Nick, I disagree with you in general about Kosovo--I think what has happened was the best option amidst a group of bad solutions--and I think it is in Europe's best interests in the long run.

I will agree with you, though, that the US should never have tried to sell this as a positive with the Muslim world or tell Americans that we would get points with Muslim countries for doing this. So I think that the US script should be simple: this is a European matter only.
Nick, I think the Indonesian hit it on the head. Most countries will recognize, at some point. What they don't want to do is rush to give the US legitimacy.
conservative realist:

Kosovo from the start was a US project, EU was like Igor to Dr. Frankenstein. Note that the first inkling of US plans were in the very public warnings of G.H.W. Bush to Yugoslavia on Kosovo.

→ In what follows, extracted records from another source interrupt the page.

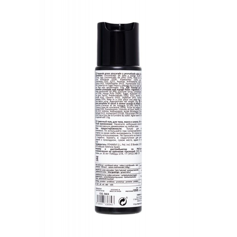 | Состав, ингредиенты | FLAVORED AND SUGARY FATTY PREPARATION MANGO AND PINEAPPLE FLAVORPINEAPPLE AND MANGO CONCENTRATE (61,8%) (GLUCOSE SYRUP, CONCENTRATED PINEAPPLE JUICE (35%), MANGO PULP (50%), SUGAR, ACIDULANT E-330, THICKENERS: GUAR GUM, PECTIN, PRESERVATIVES E202, E211, |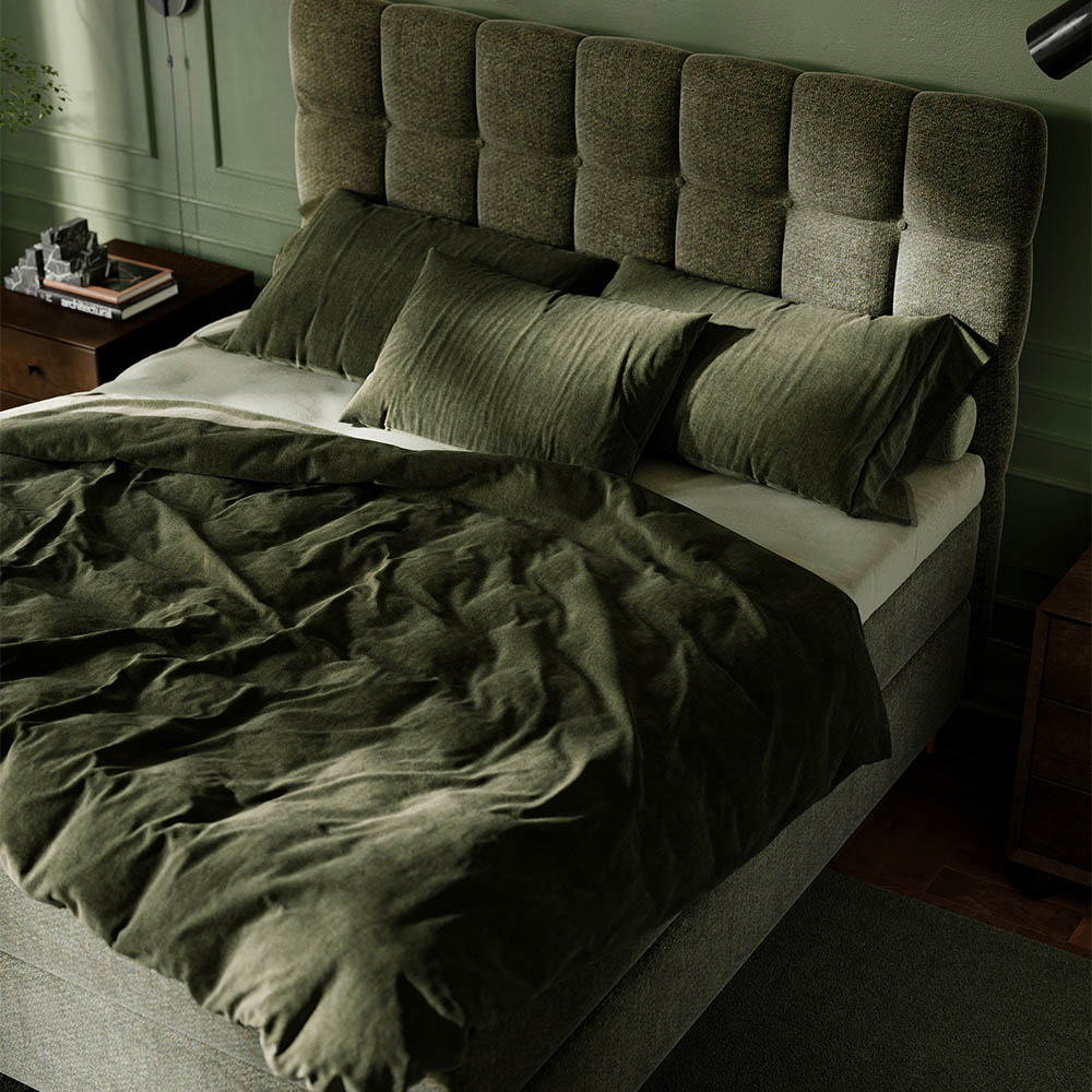 Ekens Essens Kontinentalsäng är en stilren skandinavisk säng med exceptionell komfort. Den eleganta kvalitetssängen finns i flera storlekar och färger, med ett brett urval av tillbehör som gör det enkelt att anpassa efter individuella behov.Komforten i Essens bygger på ett tekniskt avancerat 7-zon resårsystem i den övre madrassen, där 15 cm höga pocketfjädrar är strategiskt placerade för att ge optimal tryckavlastning. Systemet är uppdelat i zoner för axlar, svank och höfter, med varierad fjäderspänning mellan zonerna för mjukare övergångar. Resultatet är en följsam madrass som erbjuder sömlös sovkomfort utan märkbara skarvar.ProduktegenskaperResårmadrass – Övre stoppning: Polyeter 28 mm 30 kgResårmadrass – Resår: Pocket 7-zoner 15cmResårmadrass – Nedre stoppning: Polyeter 28 mm 30 kgUnderbädd – Stoppning: Polyeter 20 mmUnderbädd – Resår: Pocket 13 cmRam: 12 cm FSC-certifierad träram gran/furuGarantiRam- eller resårbrott som ett resultat av material- eller tillverkningsfel täcks av 20 års garanti. TvättrådSängen tyg kan skumtvättas.Tillverkarens kontaktuppgifterVarumärke: EkensLeverantör: Hilding Anders Sweden ABTillverkare: Hilding Anders Sweden AB, ECIT 5562897941Address: Hilding Anders Sweden AB, Alvestavägen 77, 331 76 Rydaholm, SverigeE-postaddress: order@hildinganders.com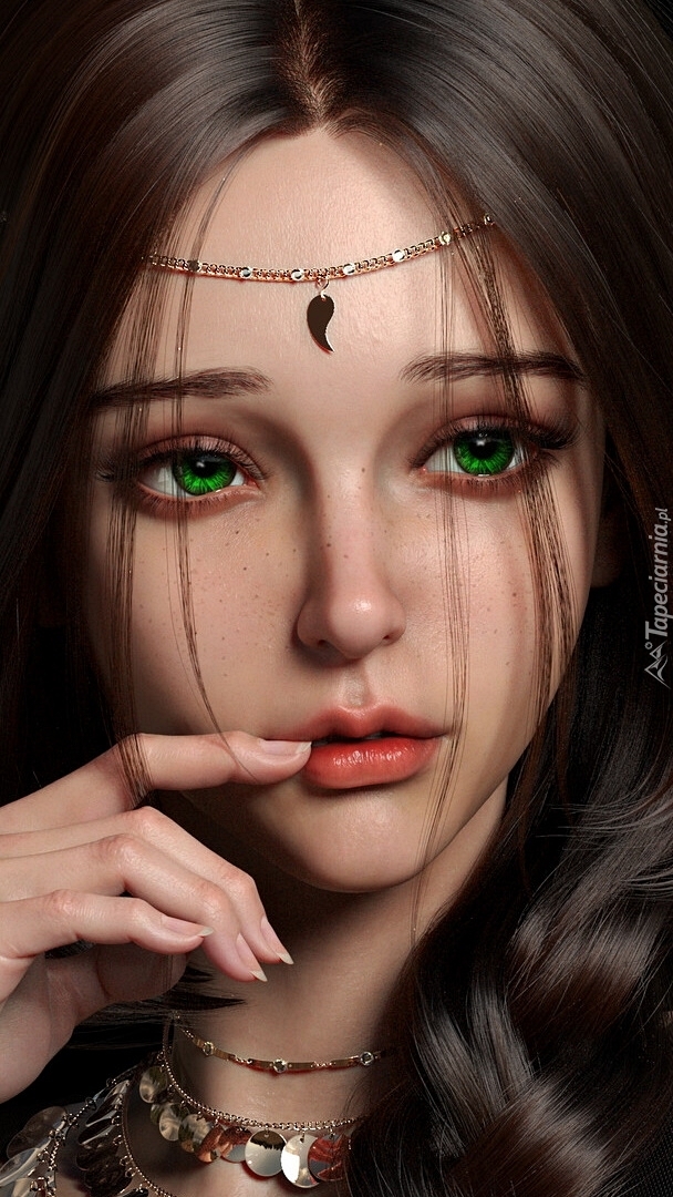 Edytor tapety: Długowłosa zielonooka dziewczyna

What I do not understand is what did you guys get for that? Warum?
I mean, do you not have enough enemies in the world? Why add Serbs to it?

And then create a failed narco state in the Balkans? Are you deranged?

Don't many predominently Moslem states have all sorts of religious, sectarian, tribal and cultural divides that are analogous to the situation in Kosovo? Just because they're Muslims doesn't mean that they don't have the same kind of concerns that states like Spain and Greece have.

Sidebar: What has amazed me is the speed with which the Japanese government recognized Kosovo. It did say that it was going in that direction; that should have been enough for the time being. Why did it have to be 26th state to do so, before the G-8 Summit? I see no diplomatic benefits accruing there.
jun okumura:

Japan is a semi-sovereign state; she will do what US tells her to do.
I think in many parts of Asia and Africa and even Latin America there is worry about playing into the hands of a US "coalition of willing" approach that could be used to again justify bypassing UN. But over time there will be more recognitions based on reality of existence of Kosova.